Work task: Would you return the listing that follows exactly, leaving its pictures behind?

Data:
--- --- ---
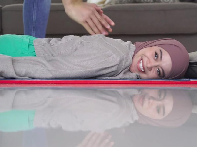 Lesti Kejora pada aslinya terlihat tertawa justru bayangannya tak ikut bergerak. Momen itu terekam dalam video di channel YouTube Beemz Aryo.
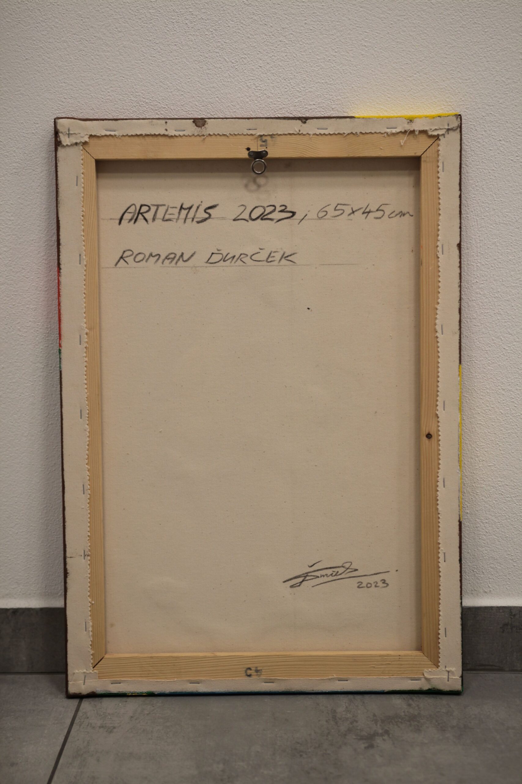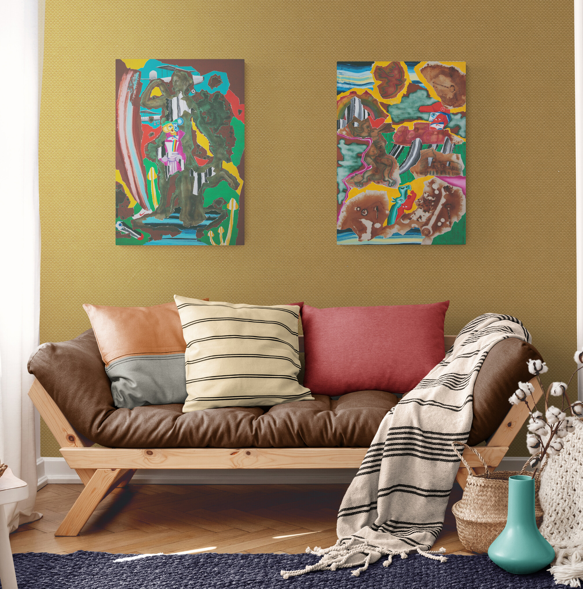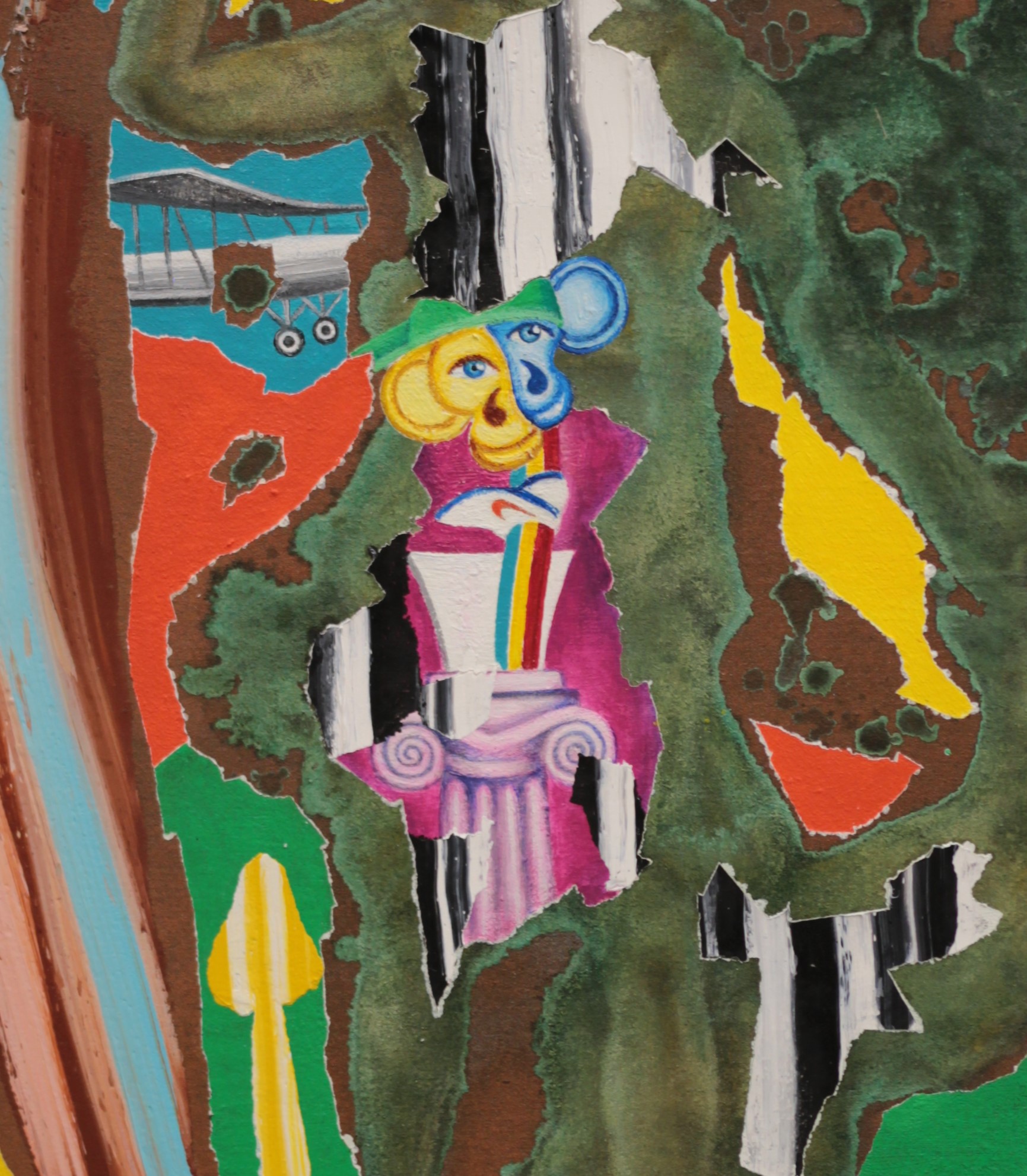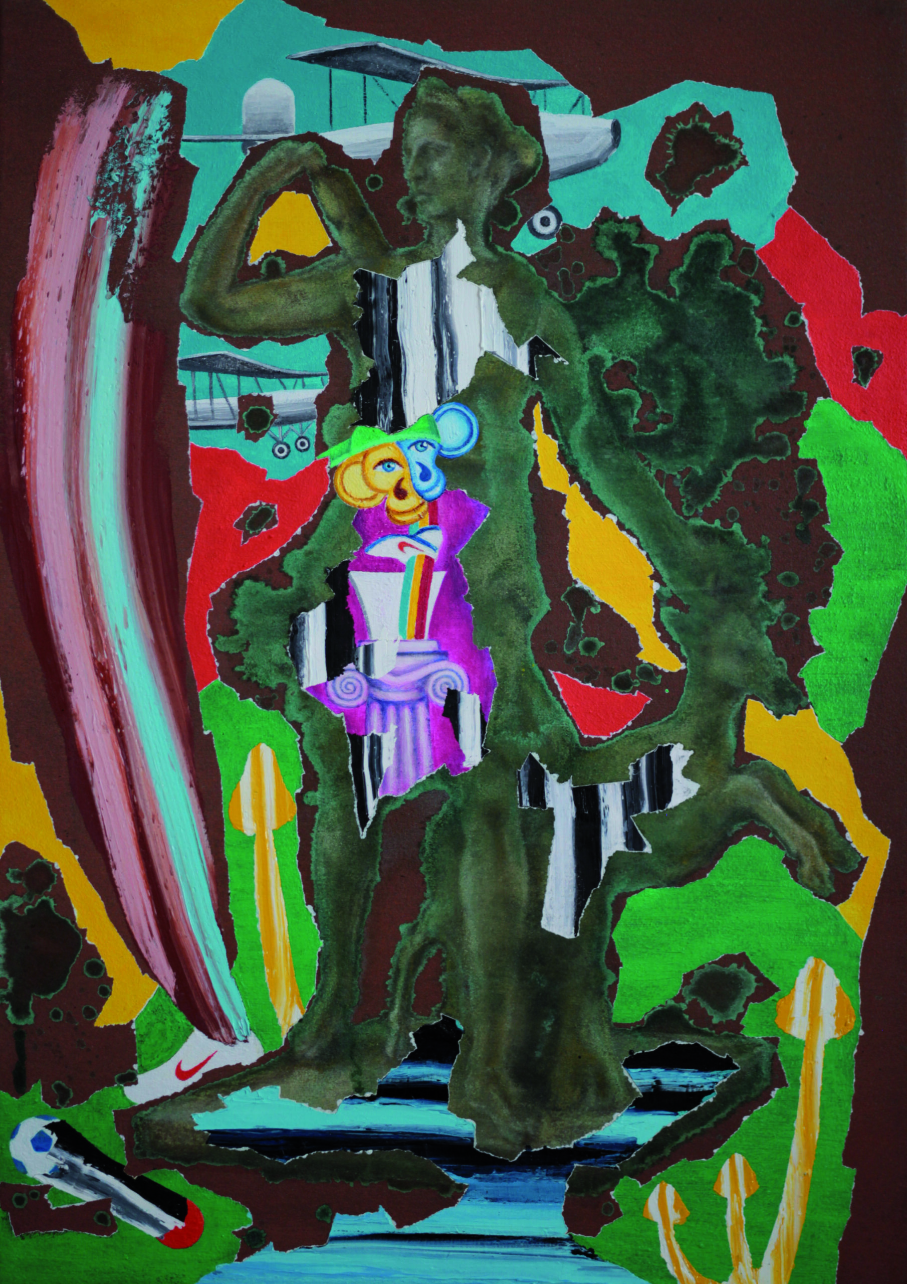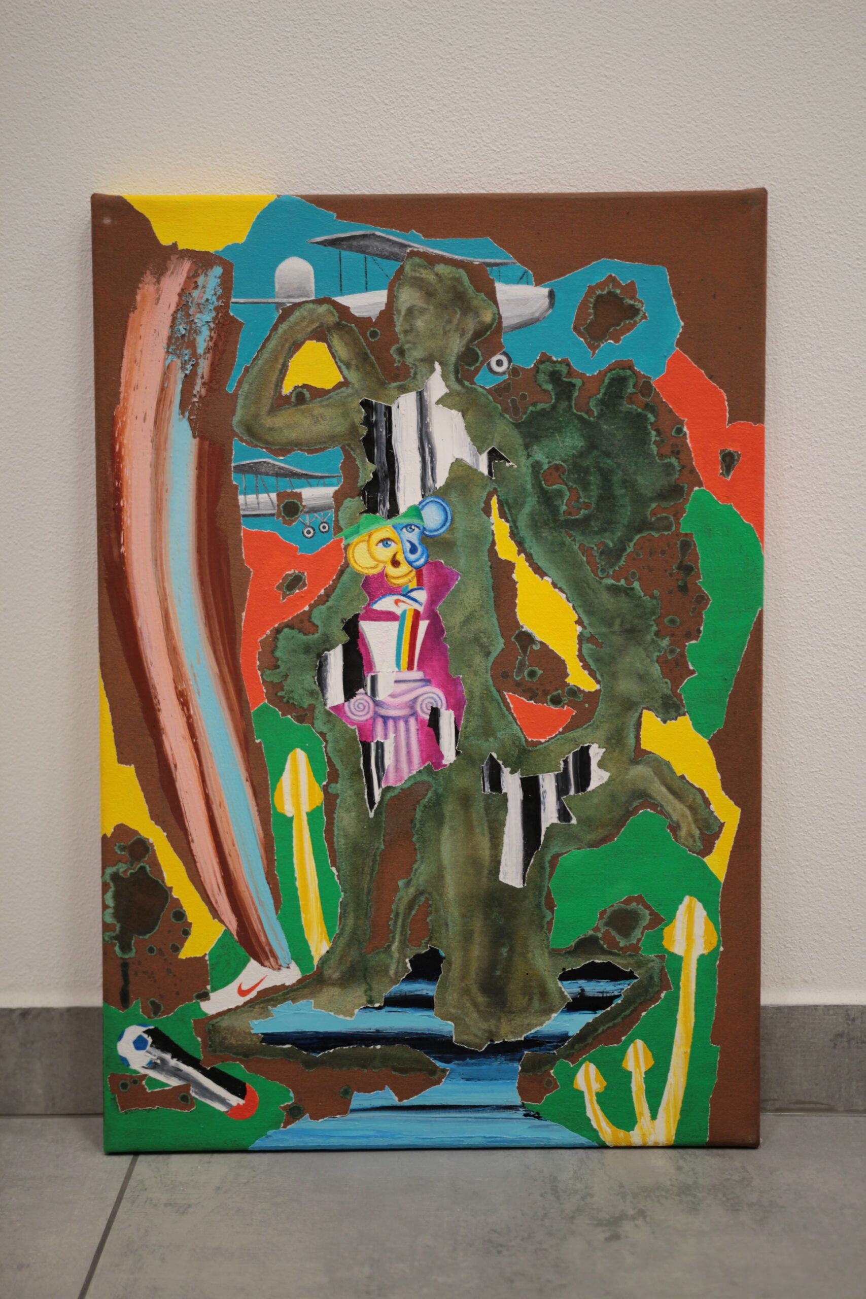 Toto dynamické dílo zobrazuje zajímavý kontrast mezi abstraktními prvky a paletou živých barev. V jeho jádru stojí dynamická silueta připomínající klasickou sochu, která je dekonstruována prostřednictvím kontrastních pruhů a odstínů. Postava je obklopena bujným zeleným pozadím, zvýrazněným odvážnými skvrnami červené, modré a oranžové. Tento vrstvený efekt vytváří vizuálně stimulující hloubku.
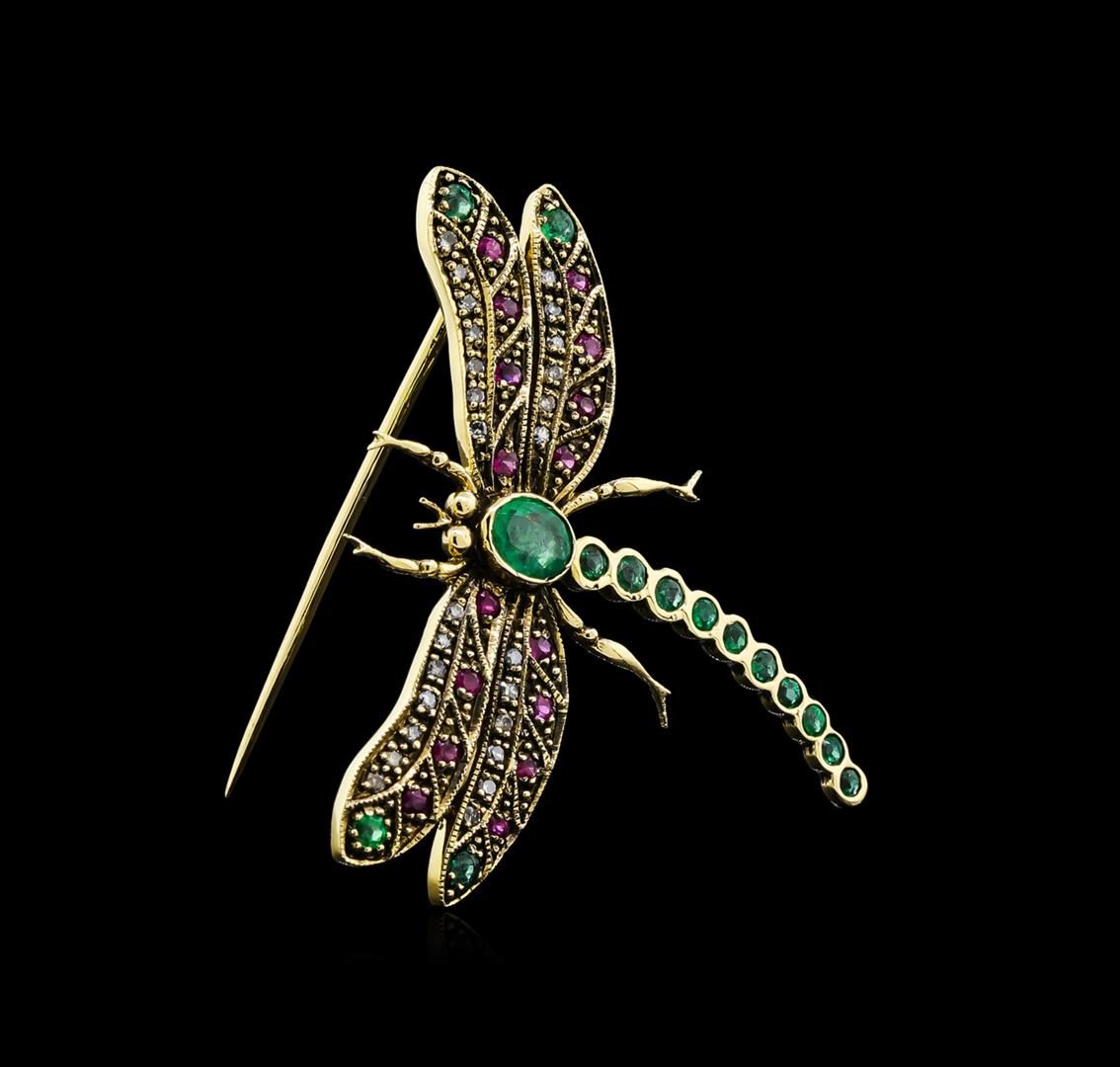 One dragonfly brooch featuring: 18KT yellow gold weighing 5.00 grams containing emeralds with a total weight of 0.72ct, rubies with a total weight of 0.25ct, and diamonds with a total weight of 0.15ct.
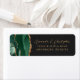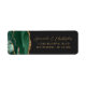 The left-hand edge of this elegant modern wedding invitation return address label features an emerald green watercolor agate border trimmed with faux gold glitter. The customisable text combines gold-coloured handwriting and sans serif fonts on a dark off-black background.
--- --- ---
Exercise response:
 Lesti Kejora pada aslinya terlihat tertawa justru bayangannya tak ikut bergerak. Momen itu terekam dalam video di channel YouTube Beemz Aryo.
 Toto dynamické dílo zobrazuje zajímavý kontrast mezi abstraktními prvky a paletou živých barev. V jeho jádru stojí dynamická silueta připomínající klasickou sochu, která je dekonstruována prostřednictvím kontrastních pruhů a odstínů. Postava je obklopena bujným zeleným pozadím, zvýrazněným odvážnými skvrnami červené, modré a oranžové. Tento vrstvený efekt vytváří vizuálně stimulující hloubku.
 One dragonfly brooch featuring: 18KT yellow gold weighing 5.00 grams containing emeralds with a total weight of 0.72ct, rubies with a total weight of 0.25ct, and diamonds with a total weight of 0.15ct.
 The left-hand edge of this elegant modern wedding invitation return address label features an emerald green watercolor agate border trimmed with faux gold glitter. The customisable text combines gold-coloured handwriting and sans serif fonts on a dark off-black background.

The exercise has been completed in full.